---
library_name: gguf
license: cc-by-nc-4.0
language:
- en
tags:
- gguf
- complexity-classification
- llm-routing
- query-difficulty
- brick
- text-classification
- semantic-router
- inference-optimization
- cost-reduction
- bf16
base_model: regolo/brick-complexity-extractor
pipeline_tag: text-classification
model-index:
- name: brick-complexity-extractor-BF16-GGUF
results:
- task:
type: text-classification
name: Query Complexity Classification
dataset:
name: brick-complexity-extractor
type: regolo/brick-complexity-extractor
split: test
metrics:
- type: accuracy
value: 0.89
name: Accuracy (3-class)
- type: f1
value: 0.87
name: Weighted F1
---
# Brick Complexity Extractor (BF16 GGUF)
### BF16 quantized GGUF of [regolo/brick-complexity-extractor](https://huggingface.co/regolo/brick-complexity-extractor)
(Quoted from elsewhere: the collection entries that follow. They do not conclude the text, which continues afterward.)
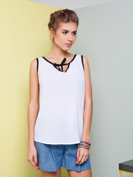 Однотонная майка из крепа с контрастной отделкой, свободного силуэта. Легко комбинируется с различными предметами гардероба. Легко поможет Вам создать образ в различном стиле.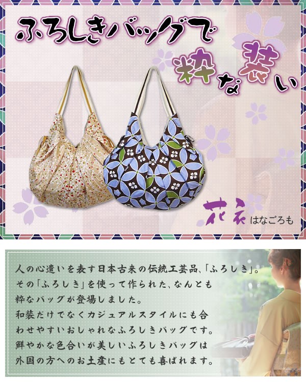 日本古来の伝統工芸品ふろしき。そのふろしきを使って作られた、なんとも粋なバッグが登場。和装だけでなくカジュアルスタイルにも合わせやすいお洒落なふろしきバッグです。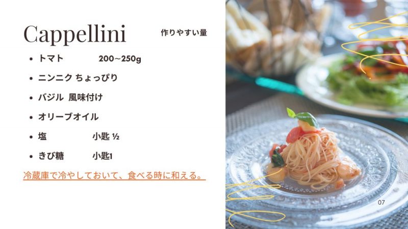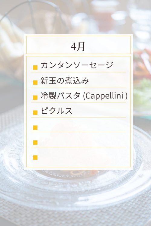 4月)手作りソーセージ・カッペリーニ・新玉と豚の煮込み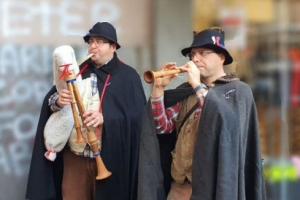 Zampognari nelle aree verdi nei quartieri di Napoli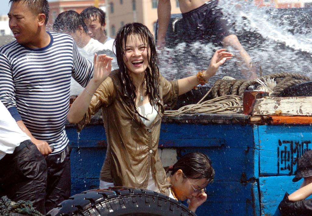 2005年6月11日,在福建省石狮市蚶江海域,一名女子参加一年一度的传统端午泼水节活动。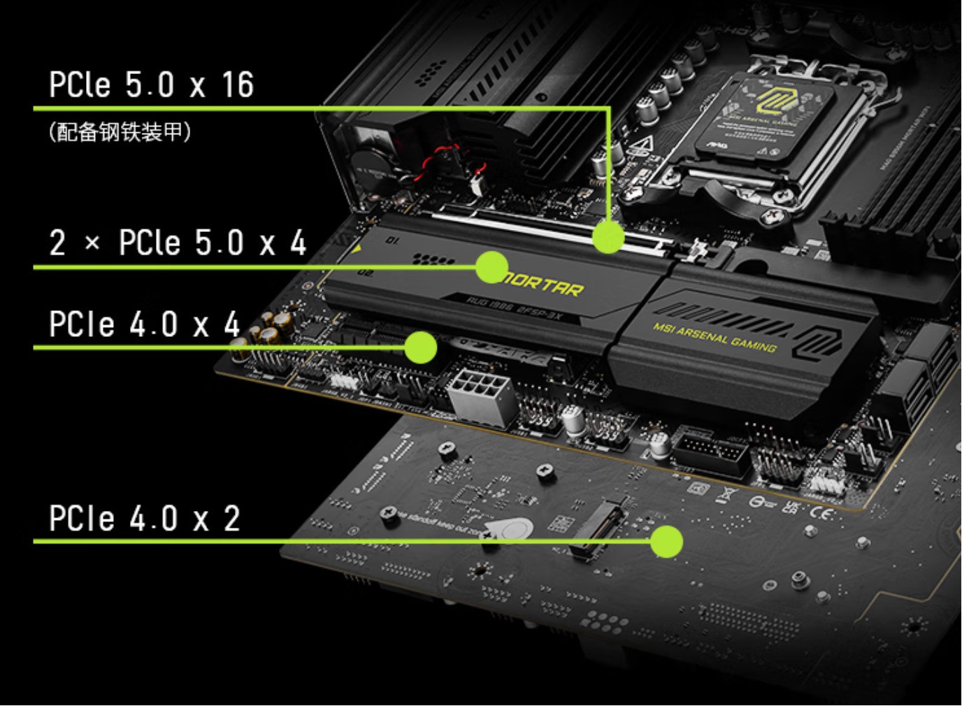 微星 B850M MORTAR WIFI扩展性上,配备四条DDR5双通道内存插槽,支持高达8200MHz的高频内存,满足用户对多任务处理和内存性能的高要求。存储接口方面提供两个PCIe5.0x4 M.2接口,大幅提升固态硬盘读写速度;还配备PCIe5.0x16显卡接口,能够充分释放新一代独立显卡的性能潜力。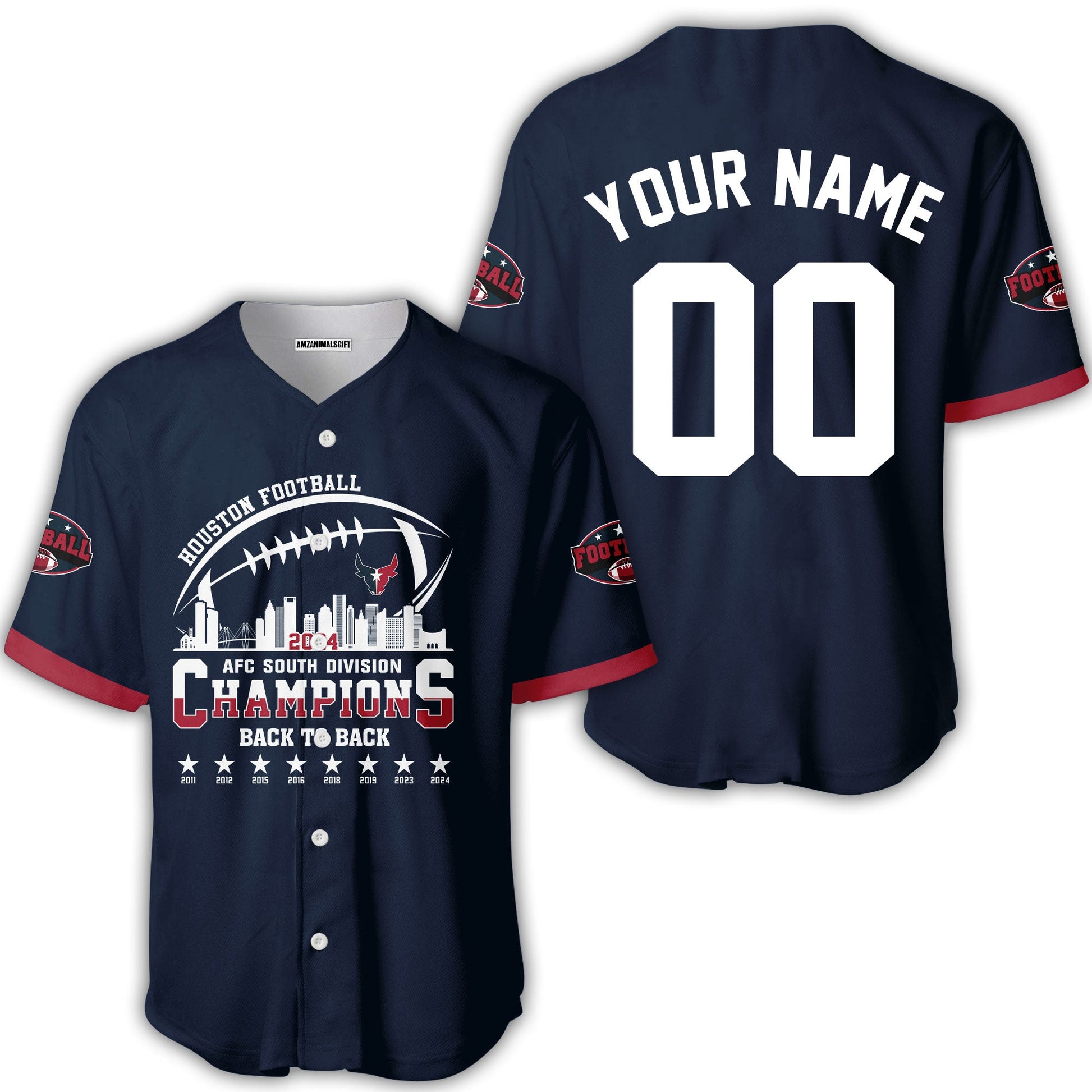 2024 Houston American Football AFC South Champions Custom Baseball Jersey, Custom Houston Football Division Champion Baseball Jersey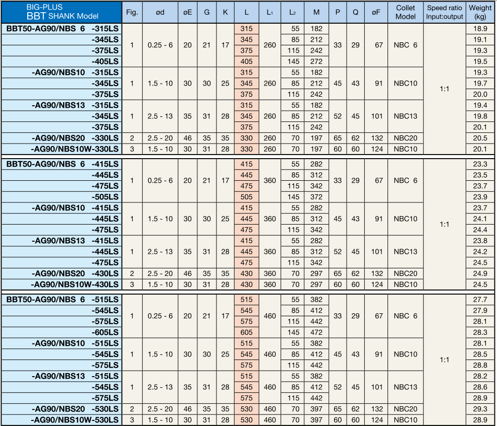 Mã sản phẩm: BBT50-AG90/NBS13-515LS , -545LS , -575LS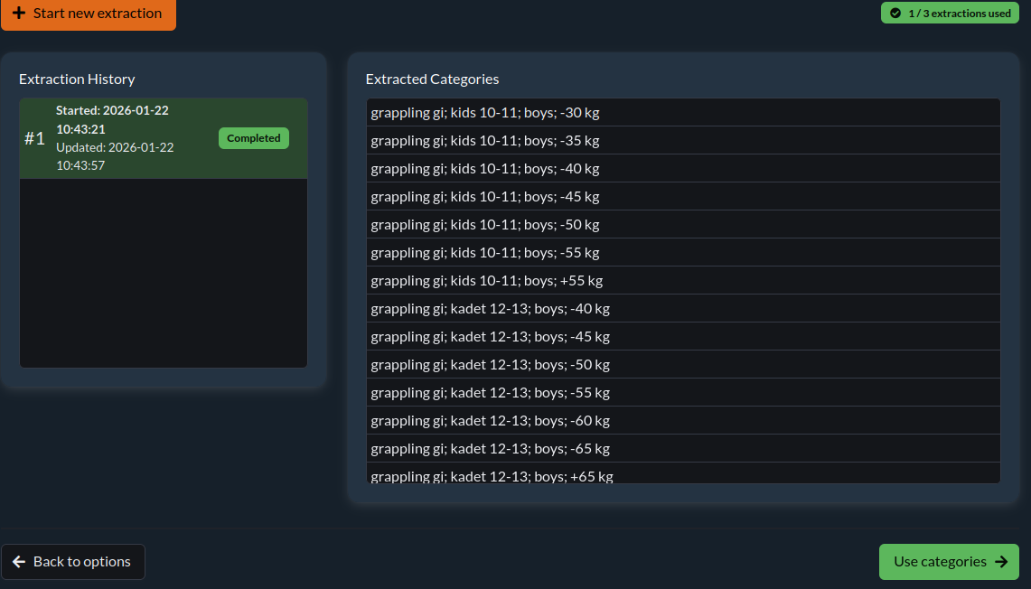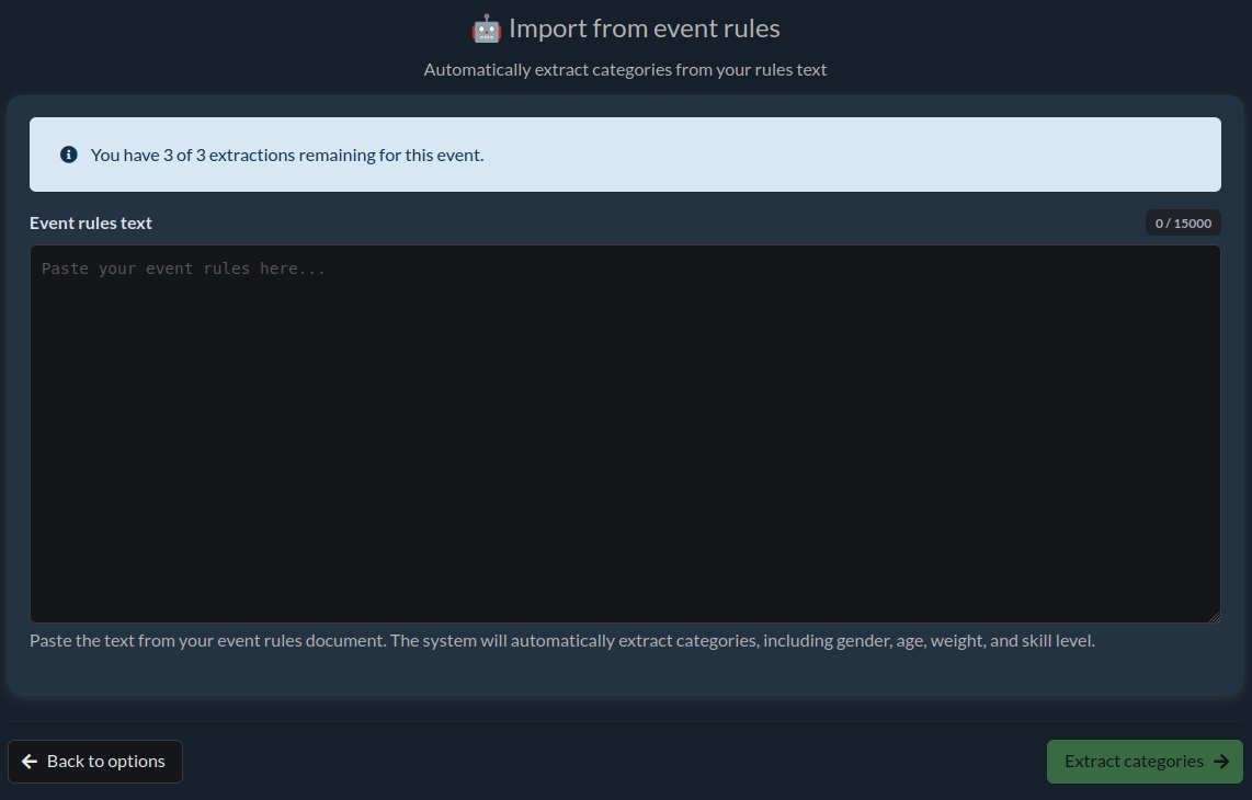 A window with a text area will appear, where you need to paste the content of the rules, where the categories are described. The system will automatically extract categories, taking into account gender, age, weight and skill level. After successful extraction, a summary will appear:

**[Regolo.ai](https://regolo.ai) | [Original Model](https://huggingface.co/regolo/brick-complexity-extractor) | [Dataset](https://huggingface.co/datasets/regolo/brick-complexity-extractor) | [Brick SR1 on GitHub](https://github.com/regolo-ai/brick-SR1)**
[](https://creativecommons.org/licenses/by-nc/4.0/)
[](https://huggingface.co/Qwen/Qwen3.5-0.8B)
---
## Model Details
| Property | Value |
|---|---|
| **Quantization** | BF16 |
| **File** | `brick-complexity-extractor-BF16.gguf` |
| **Size** | 1.5 GB |
| **Bits per weight** | 16.0 |
| **Original model** | [regolo/brick-complexity-extractor](https://huggingface.co/regolo/brick-complexity-extractor) |
| **Base model** | [Qwen/Qwen3.5-0.8B](https://huggingface.co/Qwen/Qwen3.5-0.8B) |
| **Output classes** | 3 (`easy`, `medium`, `hard`) |
| **License** | CC BY-NC 4.0 |
Full bfloat16 precision, no quality loss. Use when accuracy is critical and storage is not a concern.
This is a **full merged model** (base Qwen3.5-0.8B + LoRA adapter merged and quantized), so no separate adapter loading is needed.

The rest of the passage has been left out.